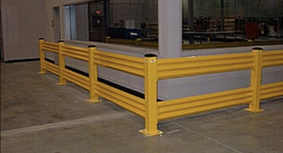 • Barandales de Protección de 2 Crestas - Previenen que traspase un montacargas con 10,000 lbs. de carga a 6 km/h. Acero calibre 12.
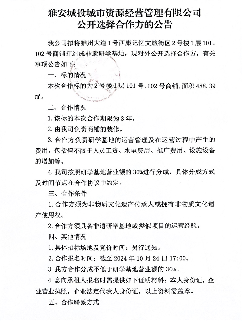 雅安城投城市資源經(jīng)營(yíng)管理有限公司公開選擇合作方的公告
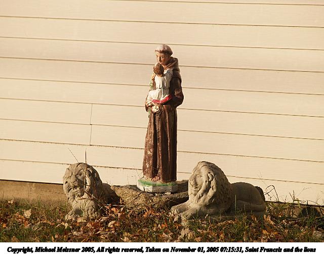 Picture #88: Saint Francsis and the lions 640x503, 69,458 bytes (68K), (html file) Copyright, Michael Meissner 2005, All rights reserved Olympus E-1 camera with Olympus 50-200mm f/2.8-3.5 lens f/5.0, ISO 100, 1/400 sec, 182.0mm, auto mode, SHQ, spot metering, +2 sharpening 35mm equivalent focal length 365.0mm Taken by Michael Meissner on November 01, 2005 07:15:31 Last modified on November 01, 2005 at 07:51 |
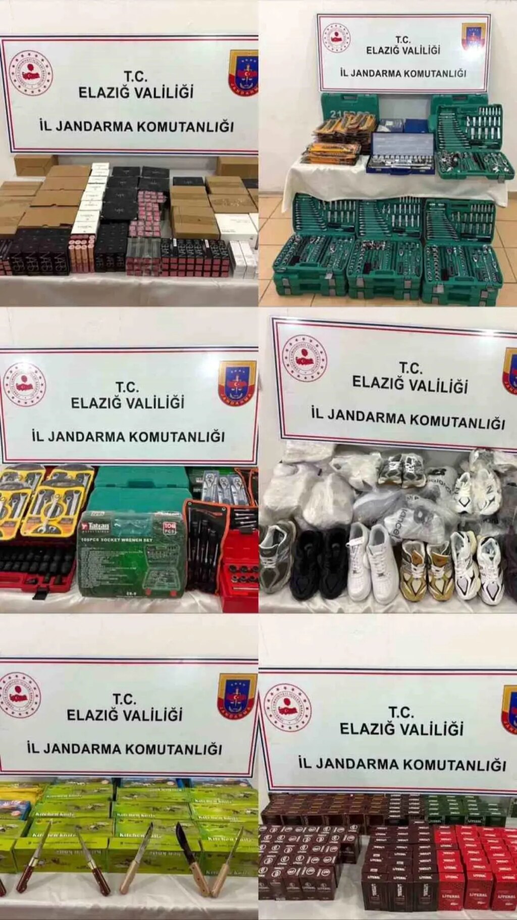 Elazığ Vilayet Jandarma Komutanlığı grupları tarafından yapılan çalışmalar sonucu Gezin yol denetim uygulamasında bir kargo firmasına ilişkin kamyon içerisinde yapılan arama sonucunda 6 şahsa ilişkin faturasız gümrük kaçağı olduğu bedellendirilen piyasa pahası yaklaşık 1 milyon 450 TL olan; 45 adet spor ayakkabı, 408 adet bıçak, 206 adet çeşitli tamir aleti, 154 adet parfüm, 480 adet kozmetik eseri ele geçirildi.
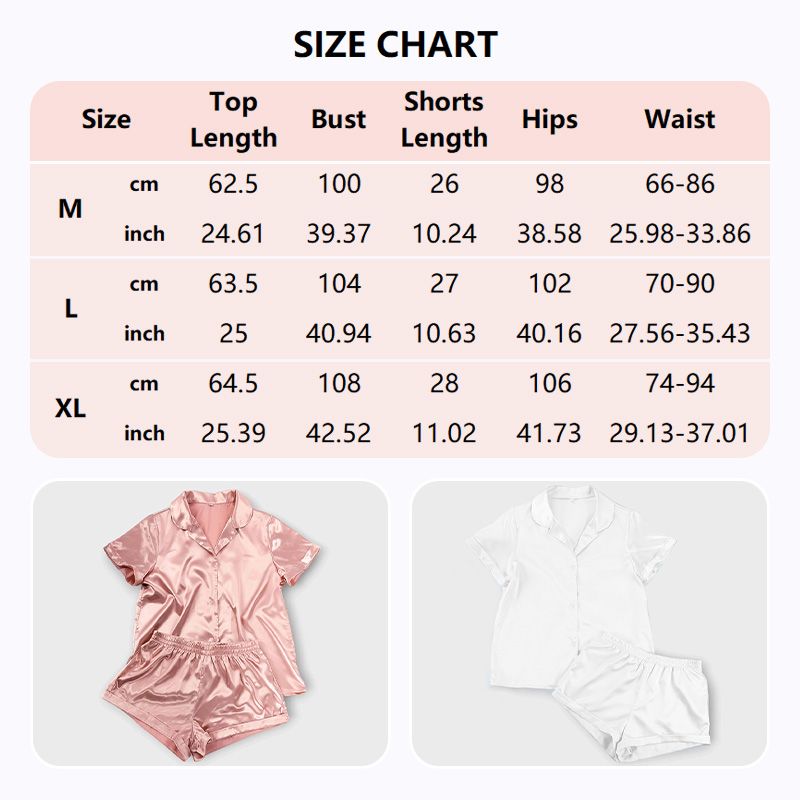 Dames zomer pyjama van imitatie zijde - Top met korte mouwen en bijpassende shorts

****************************************

■ What to do: Reproduce the listing above exactly, but skip the pictures.

■ Answer section:
 • Barandales de Protección de 2 Crestas - Previenen que traspase un montacargas con 10,000 lbs. de carga a 6 km/h. Acero calibre 12.
 雅安城投城市資源經(jīng)營(yíng)管理有限公司公開選擇合作方的公告
 Picture #88: Saint Francsis and the lions 640x503, 69,458 bytes (68K), (html file) Copyright, Michael Meissner 2005, All rights reserved Olympus E-1 camera with Olympus 50-200mm f/2.8-3.5 lens f/5.0, ISO 100, 1/400 sec, 182.0mm, auto mode, SHQ, spot metering, +2 sharpening 35mm equivalent focal length 365.0mm Taken by Michael Meissner on November 01, 2005 07:15:31 Last modified on November 01, 2005 at 07:51 |
 Elazığ Vilayet Jandarma Komutanlığı grupları tarafından yapılan çalışmalar sonucu Gezin yol denetim uygulamasında bir kargo firmasına ilişkin kamyon içerisinde yapılan arama sonucunda 6 şahsa ilişkin faturasız gümrük kaçağı olduğu bedellendirilen piyasa pahası yaklaşık 1 milyon 450 TL olan; 45 adet spor ayakkabı, 408 adet bıçak, 206 adet çeşitli tamir aleti, 154 adet parfüm, 480 adet kozmetik eseri ele geçirildi.
 Dames zomer pyjama van imitatie zijde - Top met korte mouwen en bijpassende shorts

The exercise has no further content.